::: Information

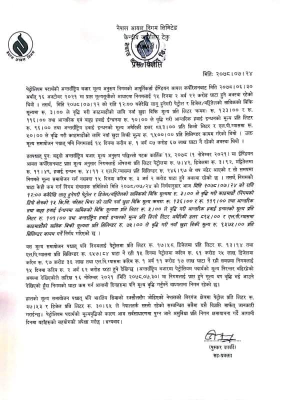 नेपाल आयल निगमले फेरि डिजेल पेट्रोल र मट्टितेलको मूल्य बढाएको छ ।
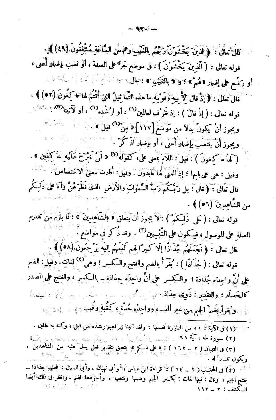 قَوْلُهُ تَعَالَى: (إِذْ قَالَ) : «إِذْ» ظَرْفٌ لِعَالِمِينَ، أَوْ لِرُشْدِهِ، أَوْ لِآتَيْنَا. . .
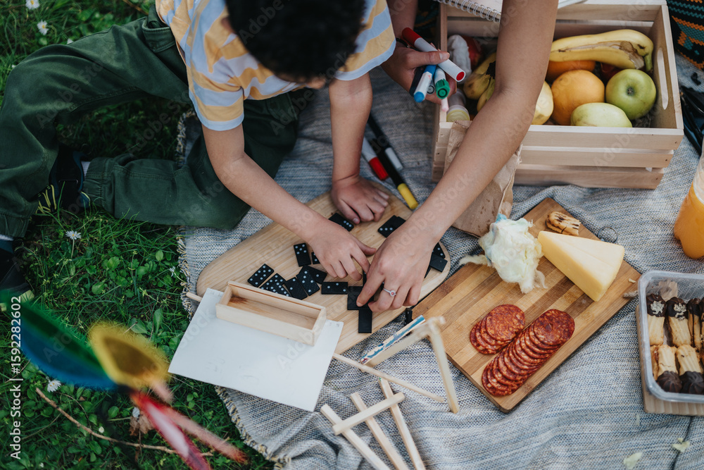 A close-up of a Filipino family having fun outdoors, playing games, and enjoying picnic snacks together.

::::::
::: Information

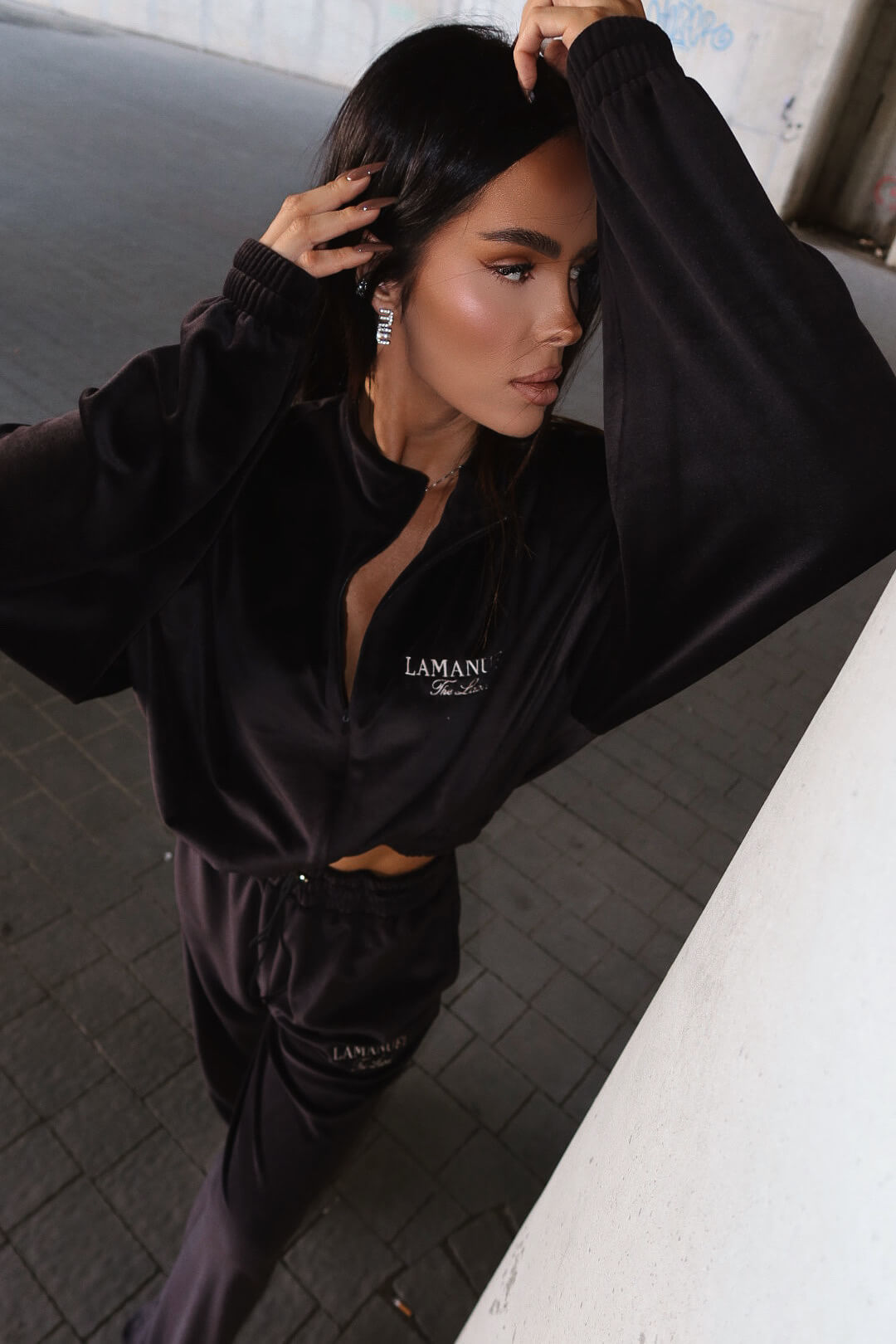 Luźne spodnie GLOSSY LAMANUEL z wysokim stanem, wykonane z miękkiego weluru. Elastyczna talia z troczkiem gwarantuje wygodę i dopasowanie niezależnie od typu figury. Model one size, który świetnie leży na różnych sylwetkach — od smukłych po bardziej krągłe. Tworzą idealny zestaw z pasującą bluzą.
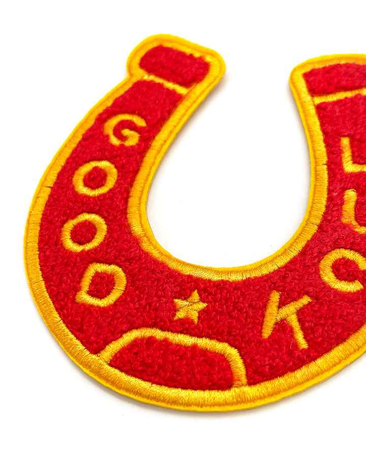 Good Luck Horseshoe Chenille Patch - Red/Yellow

::::::

Aim of the exercise:
In the data above, the stretch from the line with "नेपाल आयल निगमले" through the line with "A close-up of" is to be returned exactly, minus any pictures.

Reply:
 नेपाल आयल निगमले फेरि डिजेल पेट्रोल र मट्टितेलको मूल्य बढाएको छ ।
 قَوْلُهُ تَعَالَى: (إِذْ قَالَ) : «إِذْ» ظَرْفٌ لِعَالِمِينَ، أَوْ لِرُشْدِهِ، أَوْ لِآتَيْنَا. . .
 A close-up of a Filipino family having fun outdoors, playing games, and enjoying picnic snacks together.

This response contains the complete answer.